RBB-Chefredakteur Biesinger tritt zurück
Sender zieht personelle Konsequenzen aus Gelbhaar-Affäre
Berlin (epd).

In der Affäre um die fehlerhafte Berichterstattung über den Grünen-Politiker Stefan Gelbhaar gibt es jetzt personelle Konsequenzen beim Rundfunk Berlin-Brandenburg (RBB). Chefredakteur David Biesinger und Programmdirektorin Katrin Günther legen ihre Ämter im Sender nieder, wie der RBB am Freitag in Berlin mitteilte. Günther werde bis zu einer Neubesetzung der Stelle zunächst kommissarisch im Amt bleiben. Über die künftigen Aufgaben von Biesinger und Günther sei der Sender mit beiden im Gespräch.

Der RBB hatte vor einigen Wochen über Belästigungsvorwürfe gegen Gelbhaar berichtet, die dieser zurückgewiesen hatte. Danach hatte der Sender „schwerwiegende Fehler“ bei der Berichterstattung eingeräumt und einen Großteil davon zurückgezogen. Die Identität einer zentralen vermeintlichen Zeugin sei nicht ausreichend überprüft worden, hieß es unter anderem. Gelbhaar fordert nach Senderangaben inzwischen rund 1,7 Millionen Euro Ausgleichszahlungen für Folgen der Berichterstattung. Der Noch-Bundestagsabgeordnete geriet im Zuge der Anschuldigungen kurz vor der Wahl am 23. Februar ins politische Aus.

Der RBB hatte auch eine unabhängige Untersuchungskommission mit der Aufklärung der Vorgänge bei der Berichterstattung beauftragt. Ein Zwischenbericht liegt nach Senderangaben seit dem 5. März vor. Intendantin Ulrike Demmer hatte am Mittwoch im Rundfunkrat einen Abschlussbericht der Kommission für Ende März angekündigt. Die bereits vorliegende Zusammenfassung sei 19 Seiten lang, hieß es am Freitag. Der Abschlussbericht werde voraussichtlich etwa 100 Seiten umfassen.

Demmer erklärte, die Führung des RBB stehe zu ihrer Verantwortung. Die „substanziellen und unmissverständlichen Konsequenzen aus der fehlerhaften Berichterstattung und der Aufarbeitung“ sollen sicherstellen, dass im Sender hohe Standards „auch wirklich angewandt werden“. Anspruch des RBB sei, das uneingeschränkte Vertrauen des Publikums in eine unabhängige, unvoreingenommene und verlässliche Berichterstattung wiederherzustellen.

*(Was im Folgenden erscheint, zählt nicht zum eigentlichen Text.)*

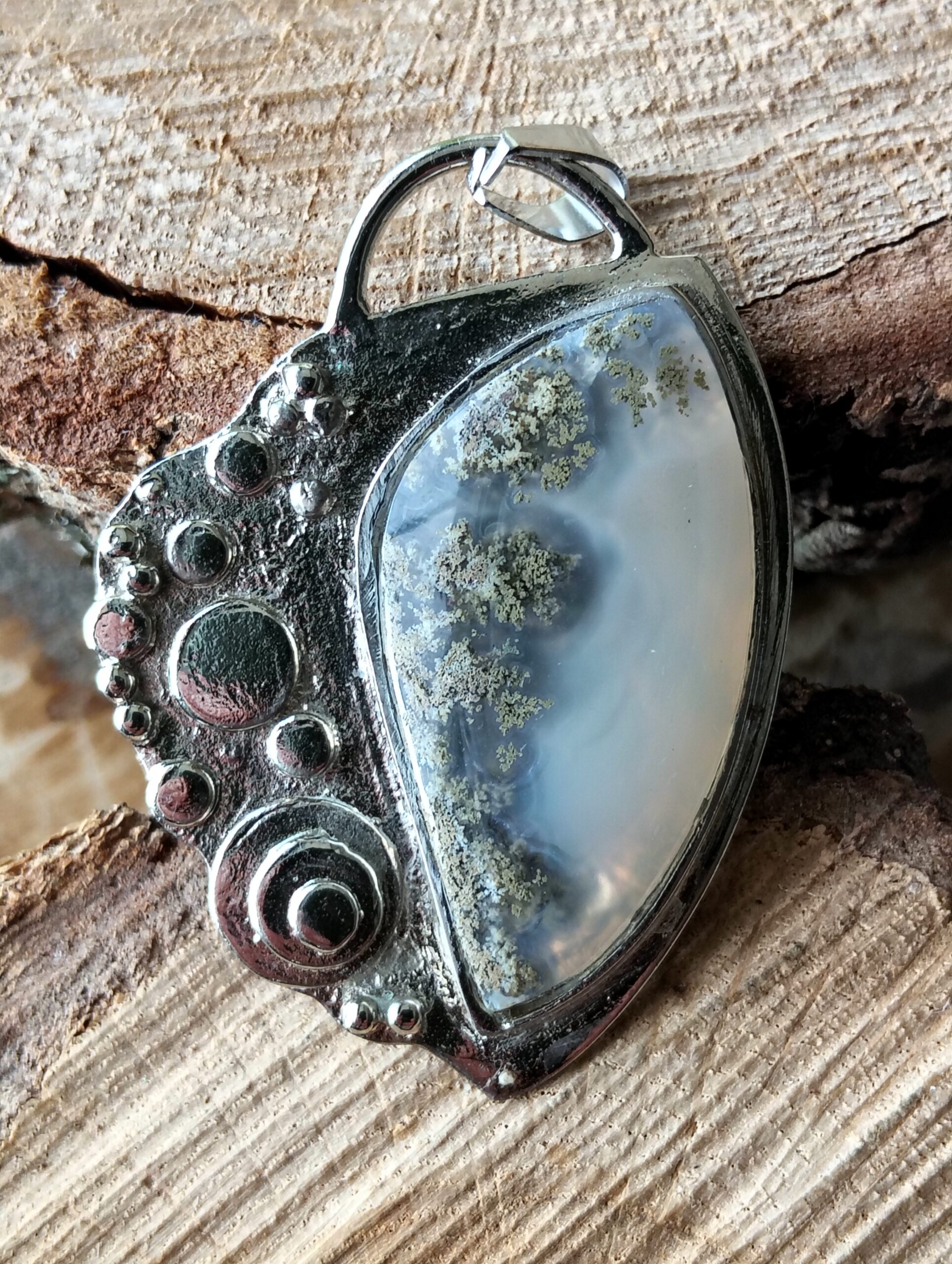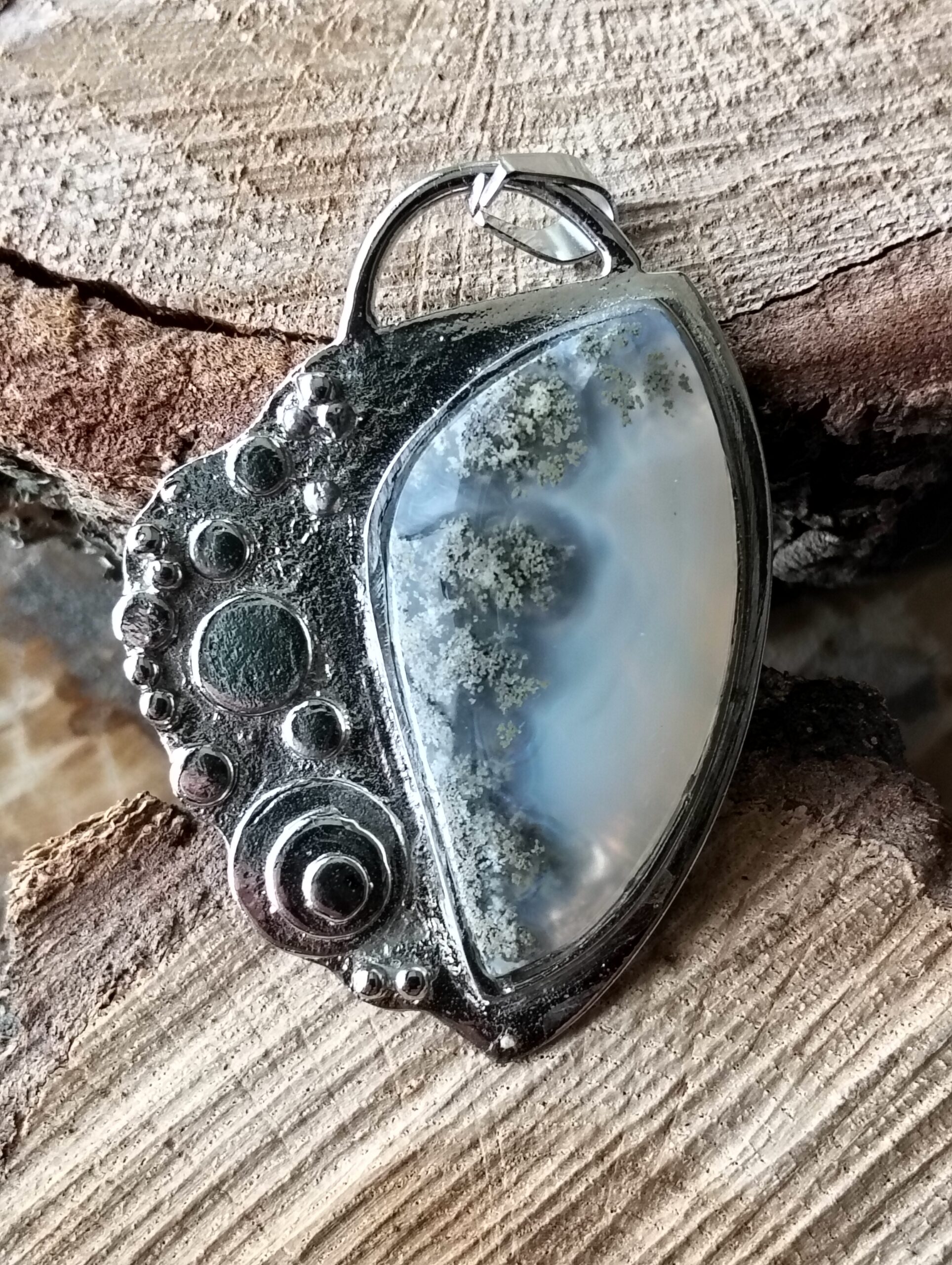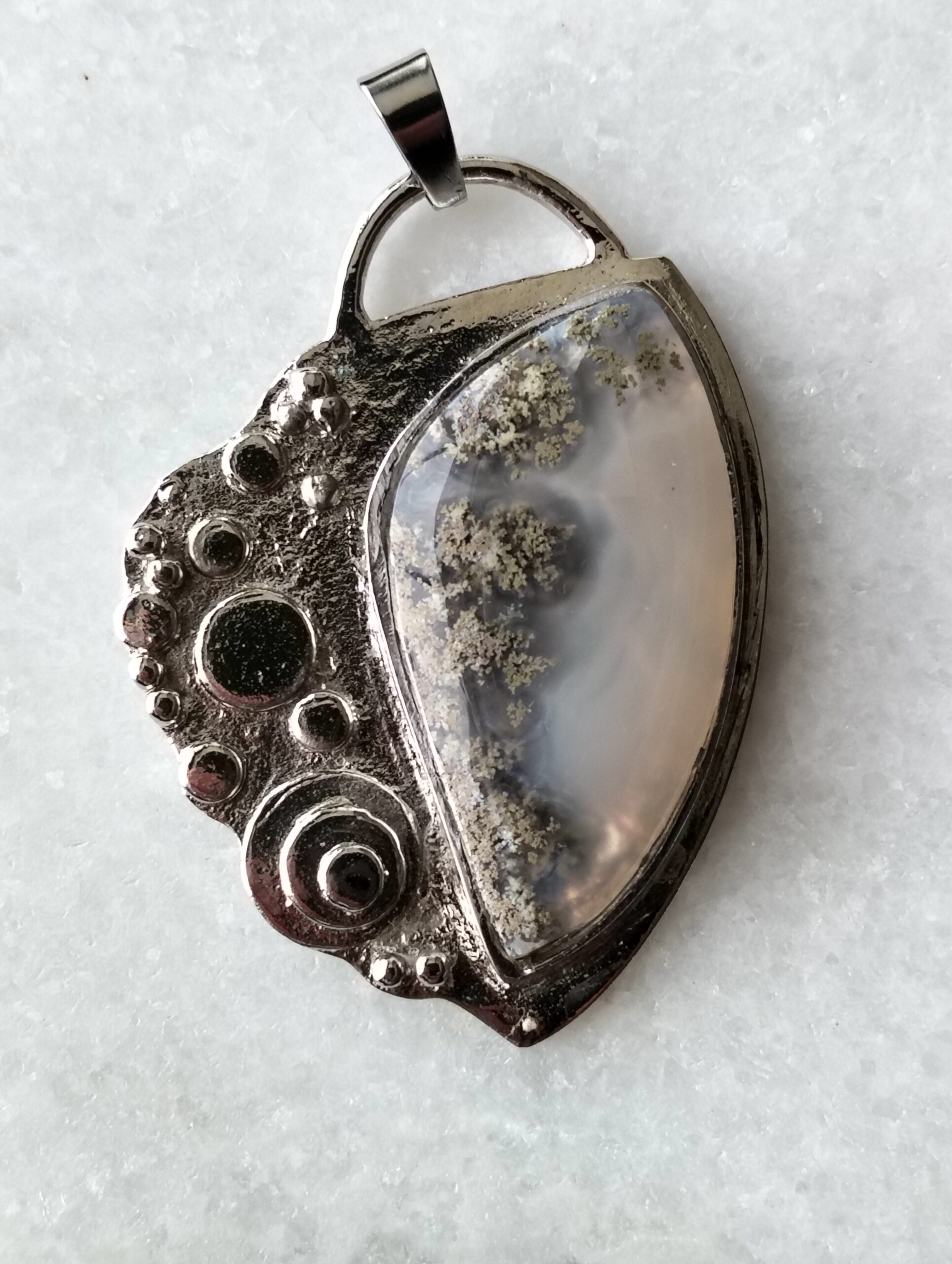 | Agate mousse | Pendentif en Agate mousse monter sur acier. |

Demmer erklärte, sie respektiere die Entscheidungen von Katrin Günther und David Biesinger, ihre Ämter abzugeben. Sie danke beiden „für das starke Signal, persönliche Konsequenzen zu ziehen“. Kommissarische Chefredakteurin des RBB wird den Angaben zufolge Stephanie Pieper, die derzeitige Leiterin des RBB-Inforadios und des Digitalbereichs.

Biesinger betonte, der Neuanfang an der Spitze der Chefredaktion solle dazu beitragen, die publizistische Reputation des Senders wiederherzustellen. Günther erklärte, der RBB habe im Fall Gelbhaar „insgesamt programmlich versagt“. Dafür sehe sie sich in der Verantwortung und lege deshalb ihr Amt nieder.

Der RBB kündigte am Freitag erneut erste strukturelle Konsequenzen aus der fehlerhaften Berichterstattung an. Die bestehenden investigativen Einheiten würden „künftig in Recherchen dieser Tragweite zwingend einbezogen“, hieß es. Die Chefredaktion werde zudem eine aktive Rolle bei der Kontrolle solcher Recherchen wahrnehmen. Auch verpflichtende Schulungen zur sogenannten Verdachtsberichterstattung sollen eingeführt werden.